Category Archives: History

After Kahoolawe, there was Makua

The January 4, 1976 protest landing on the island of Kahoolawe made news and continued to regularly continue to make news over the next several years.

Then on Saturday, February 28, 1976, a day-long rally was held to protest the U.S. Army’s continued control and use of Makua Valley for military training. The rally was organized by the Hawaiian Coalition of Native Claims. The group’s director, Gail Kawaipuna Prejean, had been in the small group that had illegally landed on Kahoolawe the previous month in the first of many public protests against the Navy’s continued bombing of the island.

The rally was held on the makai side of the road across from the 6,600 acre Makua Military Reservation. It was a day filled with music, speeches, prayers, and more, reflecting the new and growing political and cultural activism of Hawaiians.

Late in the day, a splinter group crossed the road, ignored the Army’s “No Trespassing” signs, climbed a fence, and proceeded up a small hill where they planted a protest flag.
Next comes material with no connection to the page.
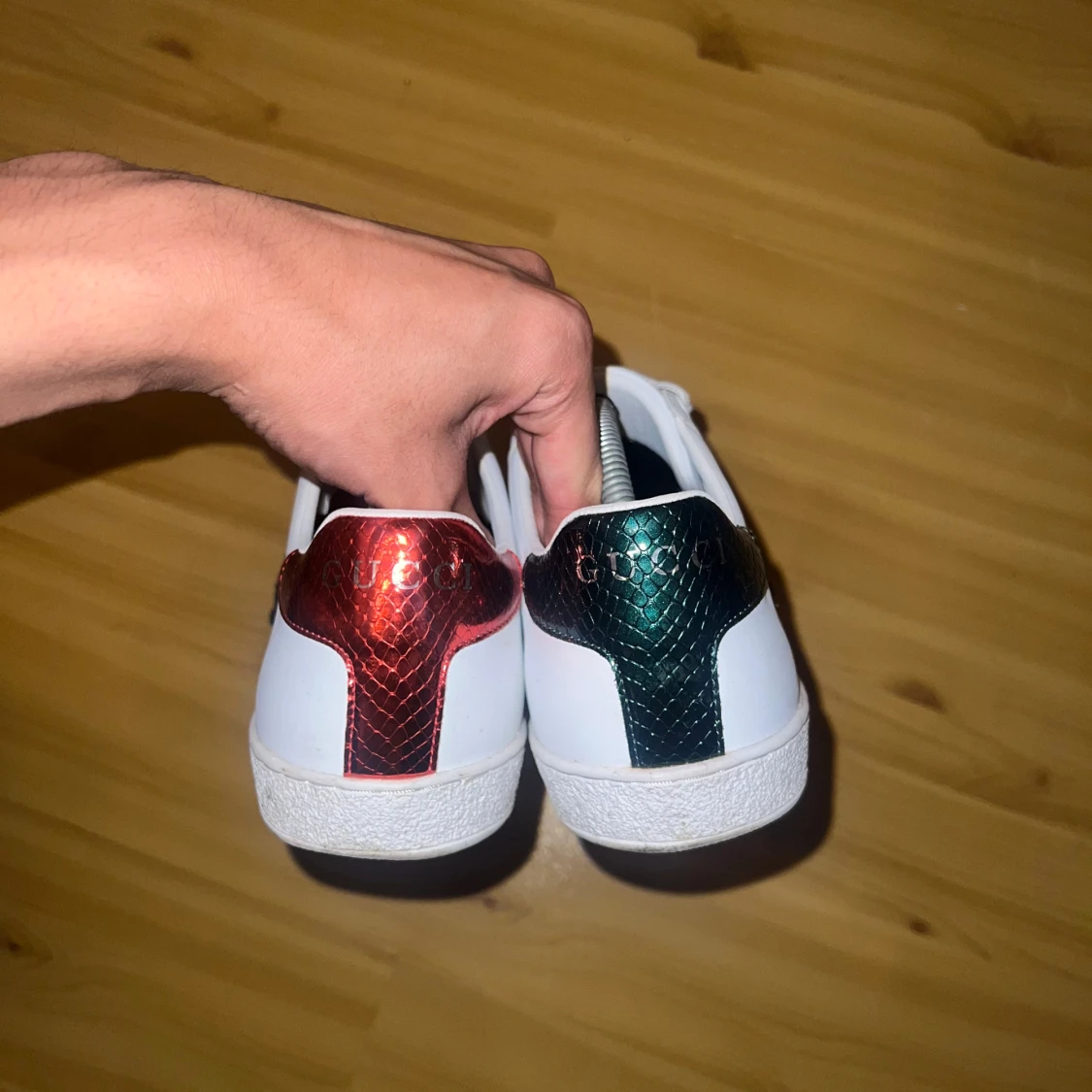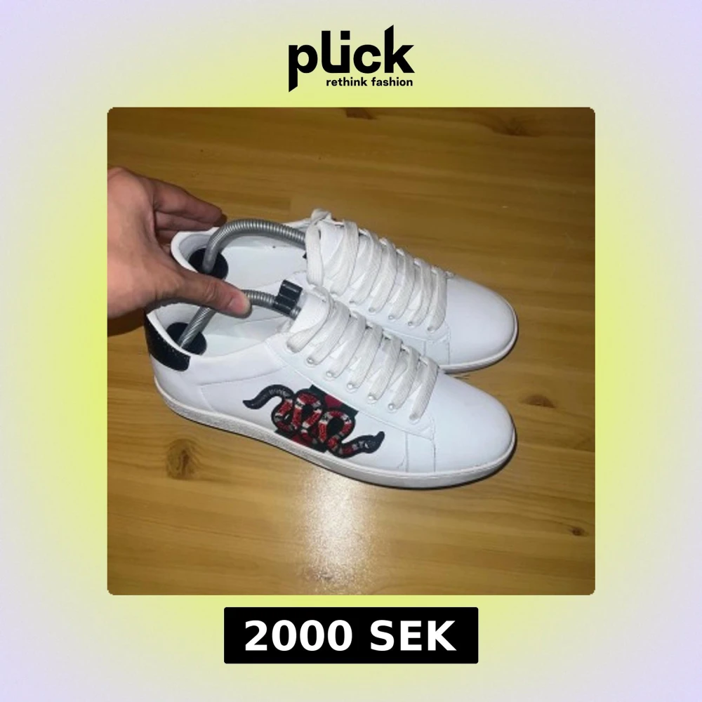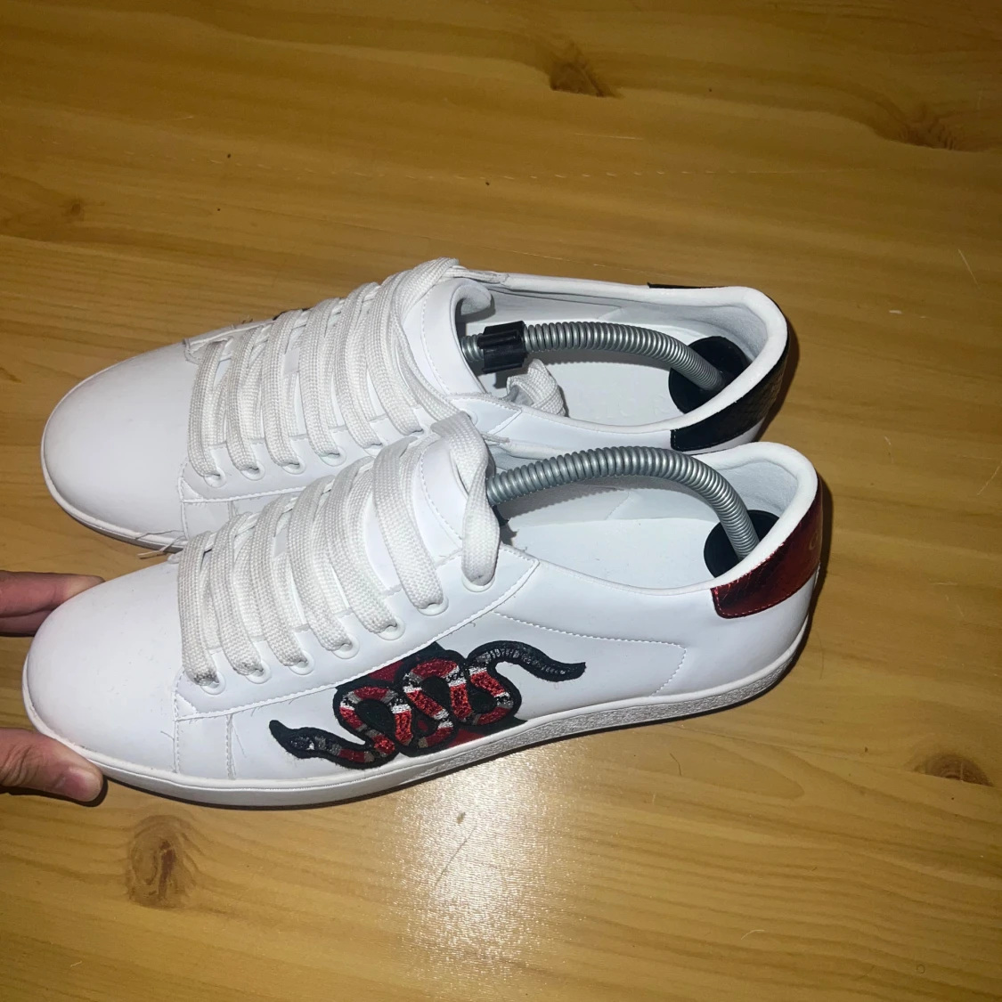 Säljer nu mina Gucci Ace skor i storlek 42 eftersom de inte kommer till användning. Skorna är använda endast ett fåtal gånger och blir som nya om man tvättar dem lite. Med skorna får man med skolådan och olika papper och tillbehör. Priset är ej hugget i sten så ställ gärna frågor och kom gärna med prisförslag😄

Everyone was in high spirits.

For whatever reason, this public protest failed to capture the public’s attention in the same way that Kahoolawe did.

But I did capture some memorable moments. Click on either photo to see a larger version.

More of the photos that I could that day can be found here.

Old snapshots = amazing memory aids

Slogging through the process of scanning old snapshots stimulates the brain cells by reminding you of those past lived experiences! It turns a tedious task into a rather fun ride!

It appears that 1995 was one of Meda’s sabbatical years, although it looks like she took the spring semester off at full pay rather than the full year at half pay. That seems likely because the photo evidence is that we took at least two trips within a few months of each other, Boston in March and Melbourne, Australia, in July.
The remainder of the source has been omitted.